We have long been told that healthy eating involves plenty of fresh fruit and veg, and not too many calories. Good advice, but along comes Ayurveda, and suddenly things aren’t so simple. This 5,000-year-old Indian system of medicine’s concepts include ‘energies’ and ‘rhythms of the universe’, so those of a scientific disposition might want to turn away now.
In Ayurveda, the human body is made up of five elements: ether, air, fire, water and earth. These are grouped into three doshas, or body types. They are vata, pitta and kapha – or, to be more prosaic: skinny, average-build and on-the-tubby-side. We’re born with varying proportions of all three doshas, but one or two will dominate, and the book will help you find yours.
According to Ayurveda, if your doshas become unbalanced, the digestive system won’t absorb nutrients.

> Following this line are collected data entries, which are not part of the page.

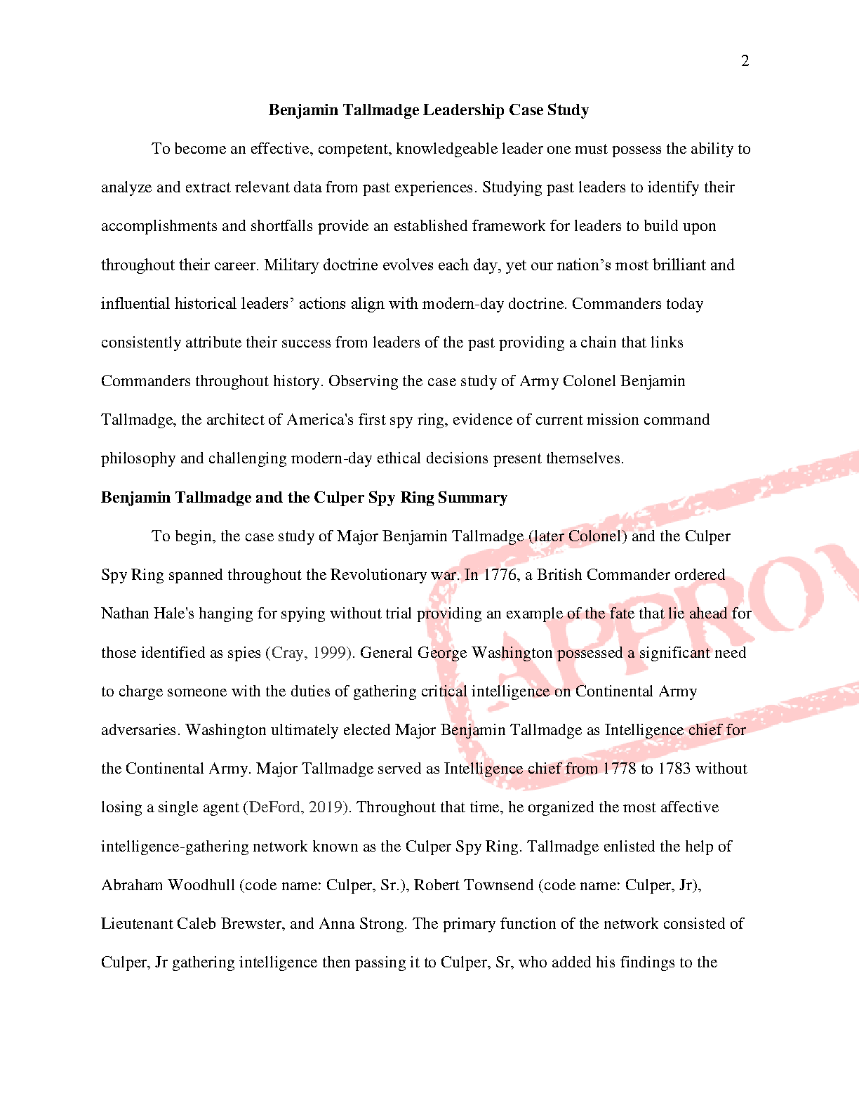 Benjamin Tallmadge Leadership Case Study with Expert Feedback: 2024-2025 Edition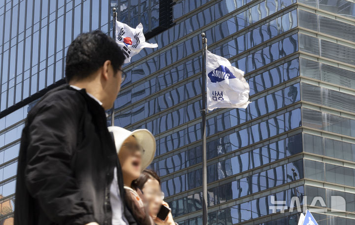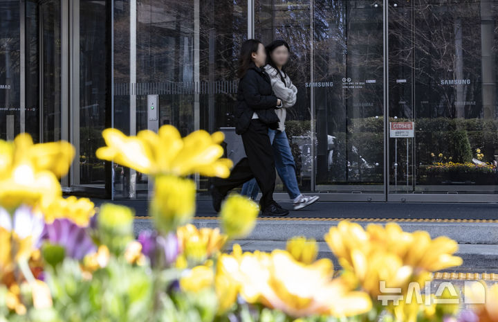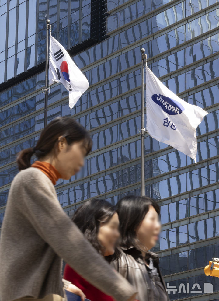 【NEWSIS】サムスン電子が今年第1四半期に史上最大の実績を達成した7日午後、ソウル市瑞草区のサムスン電子瑞草社屋を行き交う同社従業員。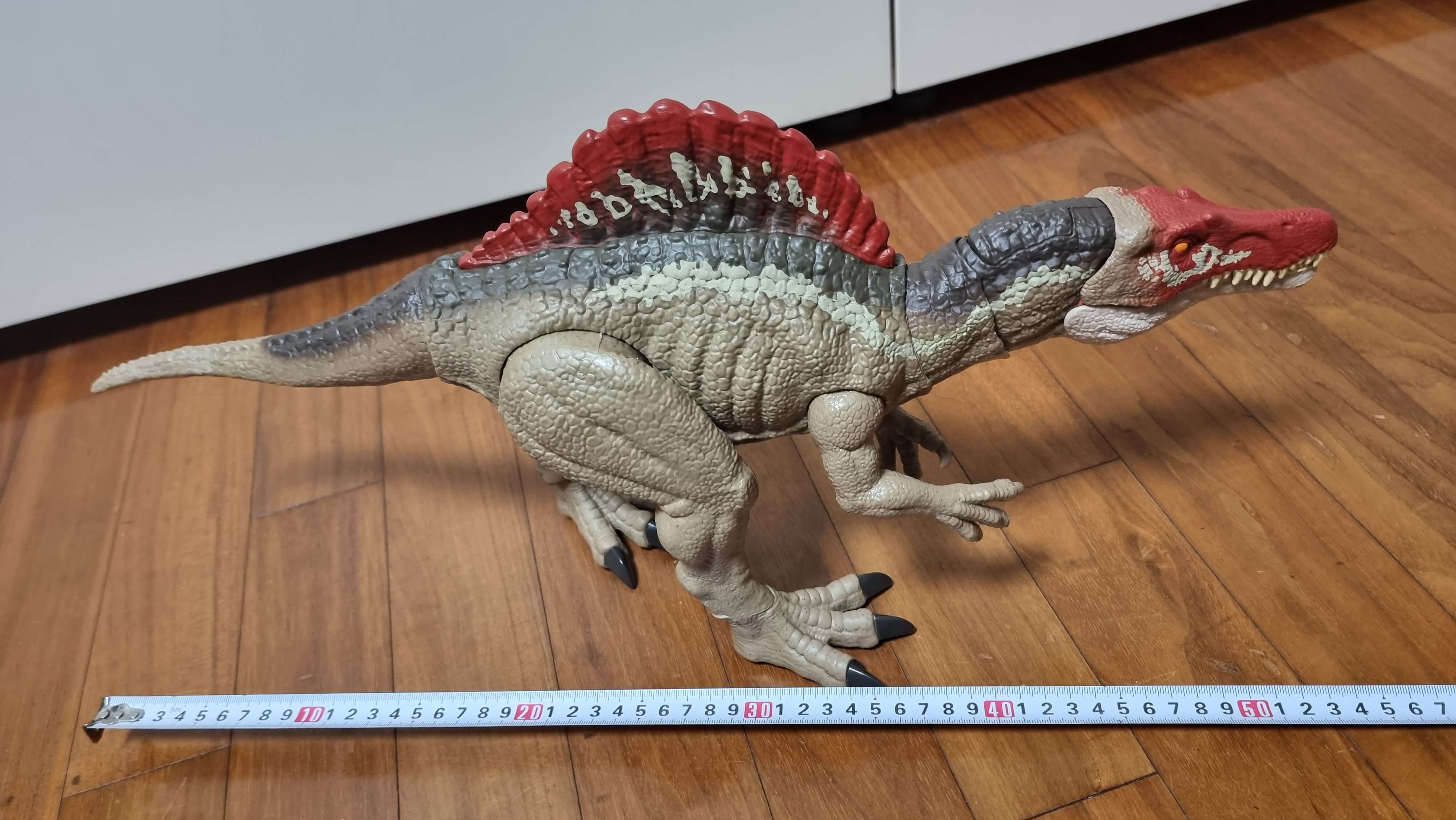이번에는 제품이 얼마나 큰지 알려드리기 위해 사이즈를 측정해보았습니다. 스피노사우루스의 가로 사이즈는 53cm 정도 됩니다.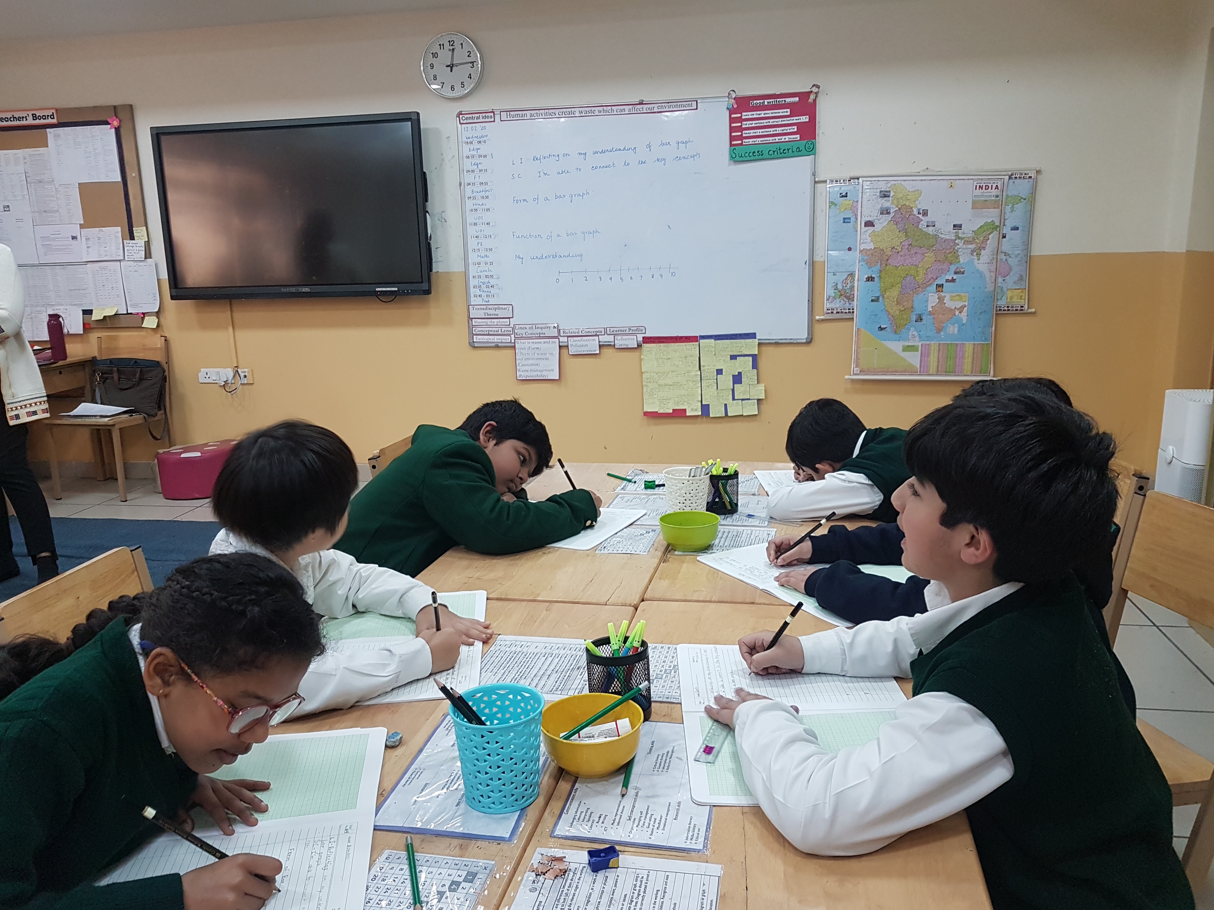 They learned about the parts of a bar graph such as title, horizontal and vertical axis, scale and bars. Representation on a bar graph with a quick poll based on the students’ favourite seasons/pets/shoe sizes was interesting. Tally marks were used and results recorded to make bar graphs. The group activity on data collection where students reviewed information and made bar graphs aided practice with labelling, plotting and analysing bar graphs by examining data on their favourite after school activity.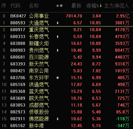 排名第二位的是公用事業(yè),板塊上漲3.84%,大單資金凈流入達(dá)6.44億元,大通燃?xì)?、重慶燃?xì)?、長(zhǎng)春燃?xì)獾?只個(gè)股漲停。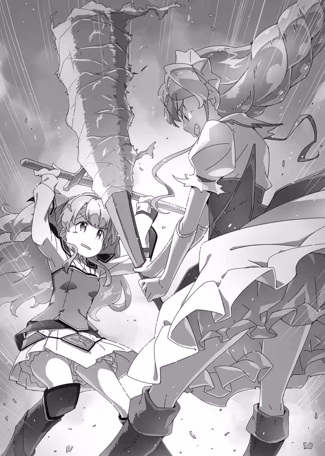 Naturally, during the aforementioned tests, they had not been especially taken with neither the fact that they would have to get buck naked in front of friends and foes when they were transforming, nor with the fluffy, frilly uniforms they would have to change into. Even though Mile had already developed a method that would perfectly keep their “vital parts” just barely out of view by way of mysterious light and camera angles, staff placement, distracting stars, and the forceful use of a certain kind of magic.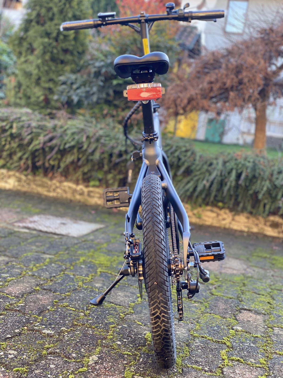 Le ruote da 20 pollici, tipiche di una BMX, sono più piccole di quelle di una bici da città, ma più grandi delle classiche 14 e 16 pollici di tante biciclette elettriche cinesi “low cost”. Sono abbastanza alte e larghe per assorbire le buche di una strada dissestata e persino per un fuoristrada leggero.

As this undigested food sits in the gut, so the story goes, it produces ‘toxins’, or ama. Ama then overflows into the rest of the body and clogs ‘channels’, causing weight gain and hormonal imbalances.
The first third of the book explains all this stuff, with dietary advice and menu plans. The rest of the book is taken up with recipes, and each can be adapted for your body type. All of the recipes sound extremely healthy, and in most cases, simple and tasty.
There are Western as well as Eastern recipes in the book, but the diet still feels rather limited. Pork, beef and lamb are banned, as is alcohol, bread, some vegetables and most saturated fats and oils.
So what about the results? Well, it’s hard to deny that Anjum is looking good on her new regime, so maybe Ayurveda does have something in it.